# Demo-18th



## vancat (Nov 5, 2004)

Hello All,

I wanted to make the final announcement for the planted tank setup at
Uncle Ned's Fish Factory for March 18th at 1:00pm. On that day,
we'll be putting together a complete setup for a 90 gallon tank that
will include all of the high tech equipment you would find on a
medium-high tech planted tank, including a CO2 system, high light,
etc. If you want to learn about setting up a system from the ground
up, drop by and take notes while we set up this challenging tank.
We'll have discussions about substrate, lighting, driftwood placement
and rockscaping hints, proper plant choice and plant positioning, and
any additional aquascaping hints provided by the members of NEAPS.
The setup will promptly start at 1:00 and continue until the setup is
complete.

Also, I'd like to get some volunteers to help with this setup. Due
to the size of this tank, there will be a need for a certain number
of individuals to aid in various aspects of the setup. If you're
interested, please email myself or one of the officers.

I hope to see a lot of new faces at this event. Drop by and check
out the demonstration. Then get your plants and fish from Ned's and
go home and do the same in your tanks.

See everyone on March 18th!

Bailin Shaw


----------



## h4n (Dec 23, 2005)

I should be Attending this one!  i went there Sat. nice store and easy to find.


----------



## dennis (Mar 1, 2004)

Good. I hope to see you there!


----------



## h4n (Dec 23, 2005)

What time are people showing up at?


----------



## vancat (Nov 5, 2004)

I believe Bailin is shooting for 12ish, I am going to try for shortly after that. Dennis?
penny


----------



## dennis (Mar 1, 2004)

I should be ther areound 12-12:15.


----------



## h4n (Dec 23, 2005)

kool, i'l trya bout the same time also 

- Han


----------



## Jane in Upton (Aug 10, 2005)

This was a GREAT event! I really got a lot out of it, and it was good to see all the elements - materials, aquascaping, equipment, etc. come together in a larger tank.

Well done!
-Jane


----------



## Texex94 (Jul 29, 2004)

*Great turnout!*

Hello All,

I was really glad to see such a large turnout for the 90G planted tank setup at Uncle Ned's. It was great to see some faces I've recognized from past AGA convention and get a chance to meet some new faces. Thanks to Huy, Penny, Dennis, Dave, and several other volunteers to for working the cameras and helping with the aquascaping. Also, a big thanks goes out to Karen Randall for dropping by and interacting with our club and the audience and to Rich for bringing a huge bag of clippings for our demo. It was nice to meet you Jane. It's always good to put names to faces! I hope to see you at future meetings as well as the numerous other people I didn't get the opportunity to interact with.

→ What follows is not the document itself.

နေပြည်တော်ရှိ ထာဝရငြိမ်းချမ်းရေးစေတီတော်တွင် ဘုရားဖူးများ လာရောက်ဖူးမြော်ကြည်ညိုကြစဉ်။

Finally, our club owes Ned from Uncle Ned's Fish Factory huge debt of gratitude. He got our substrate (Eco-Complete), a nice lighting system, and provided us with all the plants, wood, and rocks we needed to get the setup put together.

Regards,
Bailin Shaw


----------



## Pseud (Oct 19, 2005)

Unfortunately, I wasn't able to make it. Will the pictures be available online somewhere?


----------



## dennis (Mar 1, 2004)

Sorry you could not make this one. We will have the photos online, but editing can take a little time.

Until then, here's a taste:


----------



## Pseud (Oct 19, 2005)

Hehe, I forgot how tall you are!


----------



## dennis (Mar 1, 2004)

Well yeah, actually I am standing on a stool. You're about as tall as me though, right?


----------



## Pseud (Oct 19, 2005)

I think so... you're maybe an inch or two taller.

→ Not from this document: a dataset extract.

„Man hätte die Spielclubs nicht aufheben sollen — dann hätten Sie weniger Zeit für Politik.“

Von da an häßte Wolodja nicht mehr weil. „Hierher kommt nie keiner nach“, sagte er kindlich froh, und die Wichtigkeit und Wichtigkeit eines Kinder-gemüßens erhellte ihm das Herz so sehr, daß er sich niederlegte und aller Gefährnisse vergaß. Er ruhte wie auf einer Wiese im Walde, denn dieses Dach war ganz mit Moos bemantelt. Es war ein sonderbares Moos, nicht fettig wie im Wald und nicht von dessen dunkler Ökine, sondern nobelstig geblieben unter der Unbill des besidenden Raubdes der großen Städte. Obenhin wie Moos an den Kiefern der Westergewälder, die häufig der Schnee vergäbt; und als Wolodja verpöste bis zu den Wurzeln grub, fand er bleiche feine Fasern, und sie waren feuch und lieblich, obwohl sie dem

Ahhh, that explains why bailin looks TINY compared to you in that photo...


----------



## inkslinger (Jan 1, 2005)

*great turn out*

i learn alot on some things, but i had too leav early, had to visted my son who has MR at his school were he lives , and i miss out on the fertilization portion of this demo thats were i'm lacking on my tank because my plants do not look like they are doing good like they should, will there be any other gatherings up this way again, i did here Karen ofer her livingroom , it was nice to meet all of yous got to meet Penny on my way out the door, hope to all meet all again soon for another meeting, thank's! Marcos


----------



## vancat (Nov 5, 2004)

Hey Jane,
great to meet you!
Bailin- did you know Karen offered to have a meeting at her house?
penny


----------



## Jane in Upton (Aug 10, 2005)

Hey Penny! Great to meet you, too! And it was great to meet Dennis, Bailin, Rich, Bryce, and even Karen Randall (*awe*). I love putting faces together with the online names I recognize!

Ohh..... Yes, Yes, I heard Karen offer to hold a meeting at her place! I've been told by BAS folks that if EVER the opportunity arose to see her aquariums, to do whatever it took to make it happen!

So....... could we have a meeting there? She DID offer (I heard it too!!!!!!). 

I'd love to see her planted tanks. 

-Jane


----------